For ex. if you want to find a window handle of Outlook but you dont know 
which folder is currently being viewed (the folder name preceds ' - Microsoft 
Outlook') you can go and pass " - Microsoft Outlook" and it will find Outlooks 
handle if it is running.


```
Option Explicit
'<VB/OUTLOOK GURU 01/30/2004 - CODE TO FIND WINDOW HANDLE BASED ON PARTIAL WINDOW CAPTION>
Private Declare Function FindWindow Lib "user32" Alias "FindWindowA" (ByVal lpClassName As String, _
ByVal lpWindowName As String) As Long
Private Declare Function GetWindowText Lib "user32" Alias "GetWindowTextA" (ByVal hwnd As Long, ByVal lpString As String, _
ByVal cch As Long) As Long
Private Declare Function GetWindowTextLength Lib "user32" Alias "GetWindowTextLengthA" (ByVal hwnd As Long) As Long
Private Declare Function GetWindow Lib "user32" (ByVal hwnd As Long, ByVal wCmd As Long) As Long

Private Const GW_HWNDNEXT = 2

Private Sub Command1_Click()
    Dim lhWndP As Long
    If GetHandleFromPartialCaption(lhWndP, " - Microsoft Outlook") = True Then
        MsgBox "Found Window Handle: " & lhWndP, vbOKOnly + vbInformation
    Else
        MsgBox "Window ' - Microsoft Outlook' not found!", vbOKOnly + vbExclamation
    End If
End Sub

Private Function GetHandleFromPartialCaption(ByRef lWnd As Long, ByVal sCaption As String) As Boolean
    Dim lhWndP As Long
    Dim sStr As String
    GetHandleFromPartialCaption = False
    lhWndP = FindWindow(vbNullString, vbNullString) 'PARENT WINDOW
    Do While lhWndP <> 0
        sStr = String(GetWindowTextLength(lhWndP) + 1, Chr$(0))
        GetWindowText lhWndP, sStr, Len(sStr)
        sStr = Left$(sStr, Len(sStr) - 1)
        If InStr(1, sStr, sCaption) > 0 Then
            GetHandleFromPartialCaption = True
            lWnd = lhWndP
            Exit Do
        End If
        lhWndP = GetWindow(lhWndP, GW_HWNDNEXT)
    Loop
End Function
```

----------


## manavo11

Don't know if it's the same or similar but http://www.vbforums.com/showpost.php...7&postcount=36

----------


## RobDog888

I hadn't seen that code yet. I will check it out later when I get some time. 
Probably similar logic though, oh well.   :Frown:

----------


## Krass

Hi RobDog888,

The solution you suggested works #1 for me - Thanks.  I have a question for you now tho.  Once I've found the window I want, I am now interested in doing the same procedure, but now I want to find CONTROLS handle inside that window, based on a partial caption.

Ex.:  The window in question has 4 buttons, always with different restaurant names as captions.  I'd need to find the button that has, for exemple, "Burger" in the button caption.  I used WinInspector to watch the window and I can see the buttons captions correctly.

Do you have an idea on how I could achieve that?

Thanks a lot.

----------


## RobDog888

There is a property called a Control ID. This is the ID of the control and doesnt change. If you can see it with WinInspector then there is an API call to get it - GetDlgCtrlID.

----------


## Krass

If I got that right, I need to use the GetDlgCtrlID API to get the control ID?  If so, then I won't need to use it since Winspector Spy gives me that ID number, and you were right, it never changes - thanks for the tip.

But now, I guess I'd need some of your professionnal help on how to use that ID number.  I will need to check the caption of that button (that I will extract and use in a variable).

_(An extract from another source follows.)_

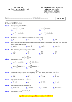 TRƯỜNG THPT NGUYỄN TRÃI NĂM HỌC 2023 - 2024 MÔN TOÁN - KHỐI 11

Afterward, when all of this is working well, I will need to click that button.  I normally use mouse_event MOUSEEVENTF_MOVE (considering I have the X,Y coordinates) to click those buttons, but it'd be great if an API could click it for me.  That way it wouldn't move my mouse on the screen and I could work at the same time.

The Control ID I want to extract the caption and click is "4001".

Thanks for your very useful help

----------


## RobDog888

Yes, you can SendMessage with the BM_CLICK parameter to do the button click without moving your mouse at all.

Not exactly, but the way it works is to enumerate the child windows checking each's DlgCtlID for a match of "4001". When you find the match then you use that handle to GetWindowText to retrieve the button text. Then that same handle can be used to SendMessage to click it.

 :Smilie:

----------


## Krass

I played with this quite a bit and things are progressing - thanks.

I got a small problem.
I am pretty sure you can easily point me in the right direction again on that one.  You suggested to use SendMessage and BM_CLICK to click the buttons.  That worked well, but only on SOME controls.  Winspector detects some controls with the "Button" class name and these are working pretty good.

BUT there are some other buttons I want to click that are using the "AfxWnd42" class name.  BM_CLICK doesn't work on those.  Any idea on how to click those?

btw, thank you for replying my posts so quickly - I'm progressing a whole lot more faster.

----------


## RobDog888

Sometimes I find that I have to send the bm_click message 2x but dont try on some buttons that do an action other then a close or cancle.  :Wink: 

I came across this 



> Those Afx window classes were custom classes distributed with early versions of MFC, before the "Common Controls" concept was introduced.
> 
> Many people have tried to "read" text from them but you CAN'T, not with messages anyway! 
> 
> They're almost certainly owner-drawn - the text is not delivered by messages, it's "hand-drawn" into the window's DC


And that may well be the reason.  :Frown: 

About the only thing I see here is with subclassing the pother program which is aloot of work. Here i a good article on subclassing that may lead you to either dispare or guidence to a possible solution.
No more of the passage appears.